Task objective - In the material below, the lines between the one holding "Bavlnená taška s" and the one holding "湖南省舜文化研究会会长、伟德", inclusive, are to be set down word for word. Pictures stay out.

Content starts

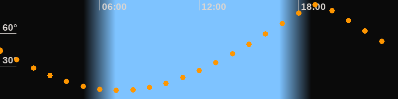 | Höchster Stand (Kulmination) | 19:08 Uhr (h = 86,4°) |
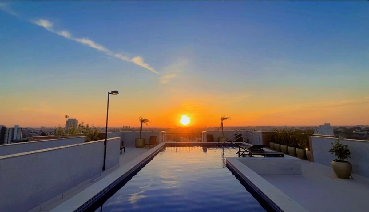 51m² modern och lyxig studio, belägen i en bostadsrätt på 880 Duque de Caxias Street, nära Centro och Cambui. Nära barer, restauranger, mataffärer och kaféer. Alla utrustade med säng och badlakan, fullt utrustat kök, dubbelsäng med extra säng, garderob med spegel, varmvatten, Nespresso-cafeteria, 2 luftkonditionering och 50"TV med Netflix och appar. Jacuzzi, pool, bastu och gym är en del av byggnadens gemensamma utrymme och kan användas av gäster.
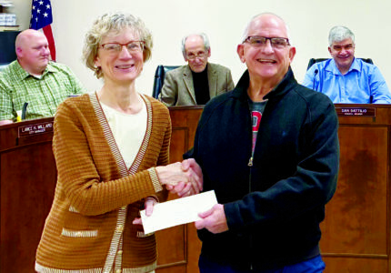 The Columbiana Community Foundation awarded a grant of $3,500 to the City of Columbiana for the summer concert series at Firestone Park. Pictured are Park Board member Greg Gustafson, right, and Deann Davis of the Community Foundation. Visit columbianacommunityfoundation.com for information on the foundation. (Submitted photo)
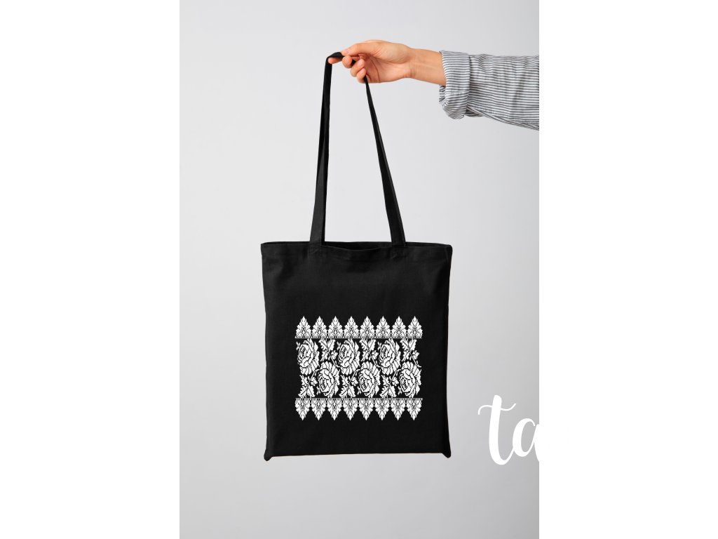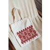 Bavlnená taška s ľudovým motívom z obce Sebechleby, ktorá sa nachádza v regióne Hont na južnom Slovensku.
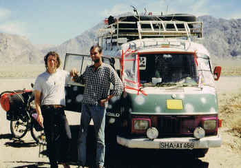 Wenige Kilometer weiter überholen mich Manfred Walz und Micheal Sommer in Ihrem uralt Mercedes, mit zerbrochener Scheibe. Sie wären auf dem Weg nach Indien, aber zur Love Parad wollen sie wieder zu Hause sein. Bei meiner zweiten Indientour mit Frau und Truckmobil, 1999/2000 traf ich Michael, diesmal mit Freundin, wiederum in Indien. Homepage in Arbeit ( mit dem Truckmobil nach Indien ) In dieser Homepage mehr Infos für Selbstfahrer, nicht so ein langer Reisebericht wie dieser. |
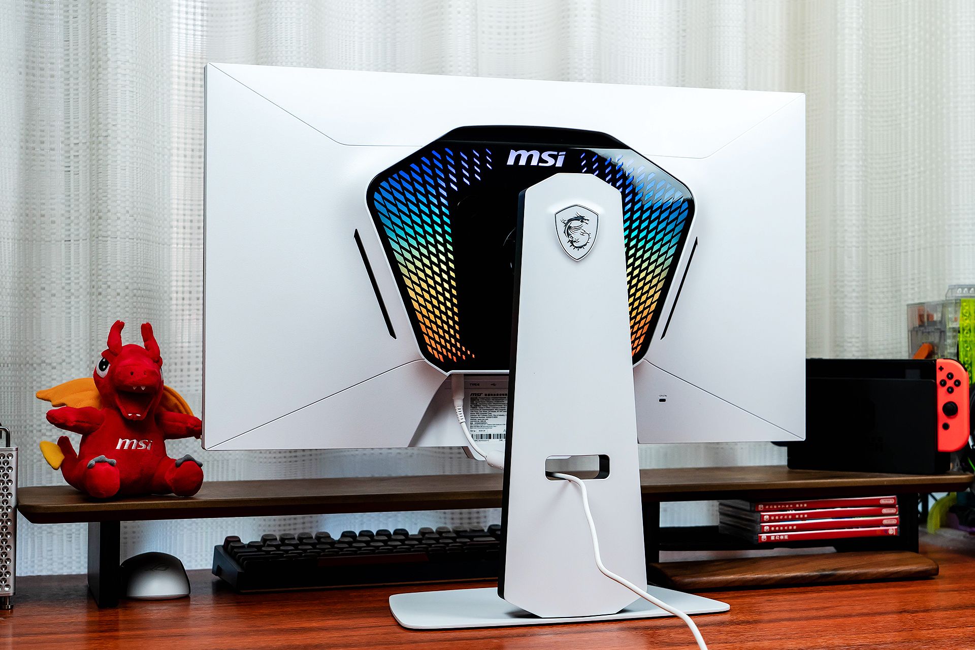 微星显示器必不可少的龙盾LOGO被安置在宽大的底座支架上,设计师还特意做了一个盾牌造型的底座,视觉上协调统一,丝毫没有影响背部的美感。
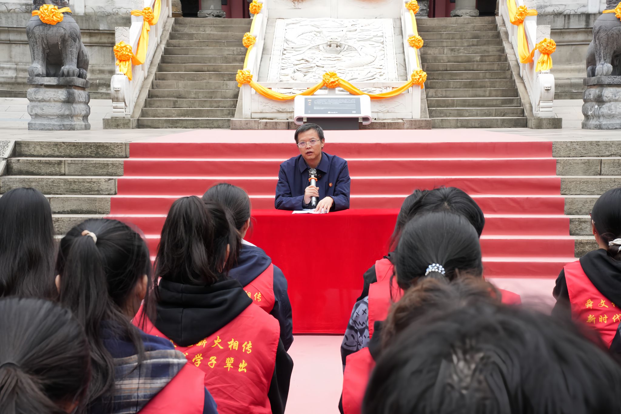湖南省舜文化研究会会长、伟德二级教授潘雁飞为学生们深入阐释了舜文化“孝悌忠信、仁德爱民”的精髓,并引导同学们思考如何将其转化为立身处世的实践准则,从而完成“知”其内涵、“悟”其精神到“落”于实践的升华,充分挖掘了舜文化在青年成长中的育人价值。
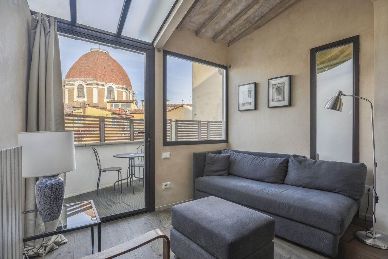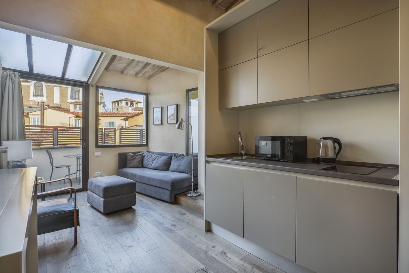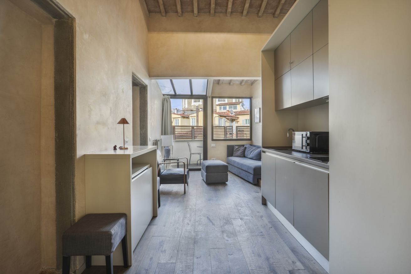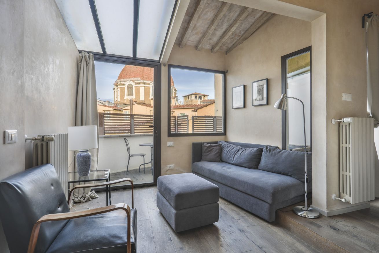 Le ampie finestre e il lucernario garantiscono un’eccellente luminosità naturale, valorizzando le travi in legno a vista e le finiture dai toni caldi e neutri. La terrazza, arredata per vivere l’esterno, rappresenta uno spazio tranquillo dove rilassarsi sopra la città dopo una giornata a Firenze.
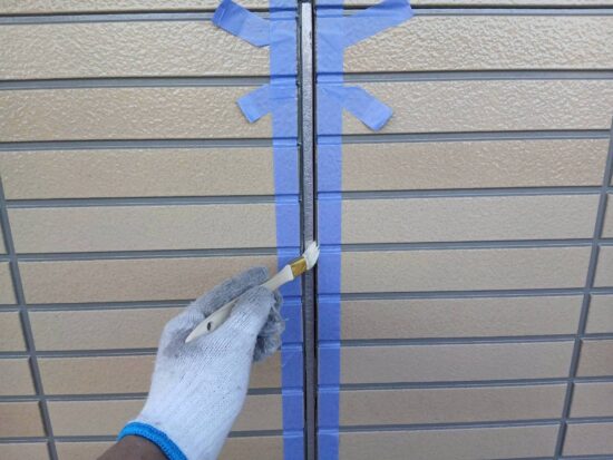 旧シ-リング材の撤去は完了してますので専用プライマ-の塗布を行います
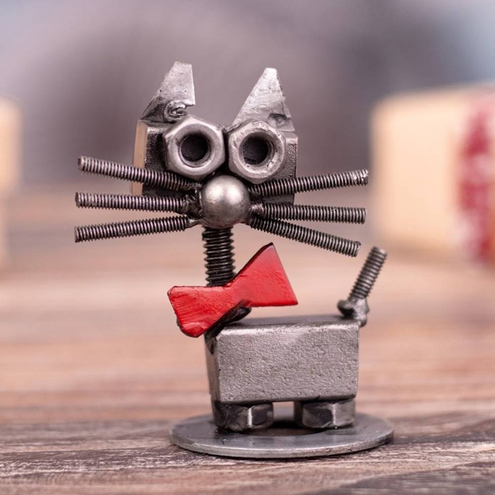 Eco-Friendly Recycled Metal Figurine of a Cat with a Bow Tie 'Bow Tie Cat' Item ID: 2671399996

Content ends

Task answer -
 Bavlnená taška s ľudovým motívom z obce Sebechleby, ktorá sa nachádza v regióne Hont na južnom Slovensku.
 Wenige Kilometer weiter überholen mich Manfred Walz und Micheal Sommer in Ihrem uralt Mercedes, mit zerbrochener Scheibe. Sie wären auf dem Weg nach Indien, aber zur Love Parad wollen sie wieder zu Hause sein. Bei meiner zweiten Indientour mit Frau und Truckmobil, 1999/2000 traf ich Michael, diesmal mit Freundin, wiederum in Indien. Homepage in Arbeit ( mit dem Truckmobil nach Indien ) In dieser Homepage mehr Infos für Selbstfahrer, nicht so ein langer Reisebericht wie dieser. |
 微星显示器必不可少的龙盾LOGO被安置在宽大的底座支架上,设计师还特意做了一个盾牌造型的底座,视觉上协调统一,丝毫没有影响背部的美感。
湖南省舜文化研究会会长、伟德二级教授潘雁飞为学生们深入阐释了舜文化“孝悌忠信、仁德爱民”的精髓,并引导同学们思考如何将其转化为立身处世的实践准则,从而完成“知”其内涵、“悟”其精神到“落”于实践的升华,充分挖掘了舜文化在青年成长中的育人价值。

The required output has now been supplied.